> Data shown
———

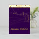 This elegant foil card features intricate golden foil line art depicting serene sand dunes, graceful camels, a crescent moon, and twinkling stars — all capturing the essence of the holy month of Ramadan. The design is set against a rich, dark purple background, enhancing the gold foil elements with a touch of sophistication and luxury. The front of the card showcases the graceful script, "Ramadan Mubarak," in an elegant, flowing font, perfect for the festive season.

———

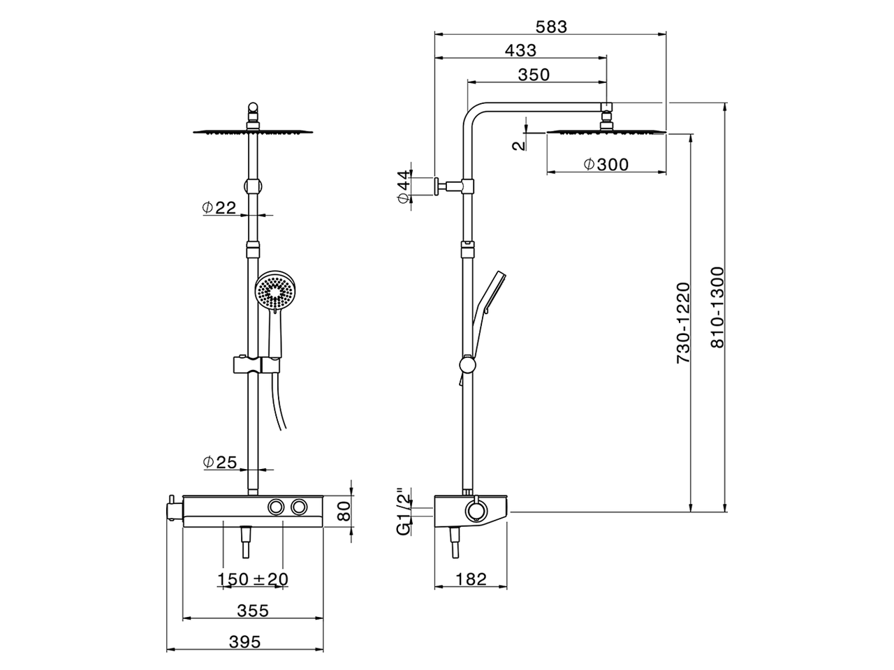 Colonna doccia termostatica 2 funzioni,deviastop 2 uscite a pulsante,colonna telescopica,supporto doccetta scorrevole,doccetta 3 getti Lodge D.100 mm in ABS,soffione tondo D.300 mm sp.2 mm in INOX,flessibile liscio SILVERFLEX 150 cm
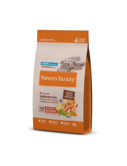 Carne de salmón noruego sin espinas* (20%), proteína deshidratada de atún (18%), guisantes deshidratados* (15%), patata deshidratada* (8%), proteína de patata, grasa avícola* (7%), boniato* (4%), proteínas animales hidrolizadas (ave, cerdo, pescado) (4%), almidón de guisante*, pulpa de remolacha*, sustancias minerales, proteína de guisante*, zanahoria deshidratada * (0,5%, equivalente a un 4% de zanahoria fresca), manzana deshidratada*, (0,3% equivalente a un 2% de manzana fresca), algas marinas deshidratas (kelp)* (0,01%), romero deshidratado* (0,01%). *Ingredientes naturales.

———

> What to produce
Restate word for word the lines of the data above that begin at the line with "Colonna doccia termostatica" and end at the line with "Carne de salmón", keeping both ends and dropping every picture.

> Answer for the task
 Colonna doccia termostatica 2 funzioni,deviastop 2 uscite a pulsante,colonna telescopica,supporto doccetta scorrevole,doccetta 3 getti Lodge D.100 mm in ABS,soffione tondo D.300 mm sp.2 mm in INOX,flessibile liscio SILVERFLEX 150 cm
 Carne de salmón noruego sin espinas* (20%), proteína deshidratada de atún (18%), guisantes deshidratados* (15%), patata deshidratada* (8%), proteína de patata, grasa avícola* (7%), boniato* (4%), proteínas animales hidrolizadas (ave, cerdo, pescado) (4%), almidón de guisante*, pulpa de remolacha*, sustancias minerales, proteína de guisante*, zanahoria deshidratada * (0,5%, equivalente a un 4% de zanahoria fresca), manzana deshidratada*, (0,3% equivalente a un 2% de manzana fresca), algas marinas deshidratas (kelp)* (0,01%), romero deshidratado* (0,01%). *Ingredientes naturales.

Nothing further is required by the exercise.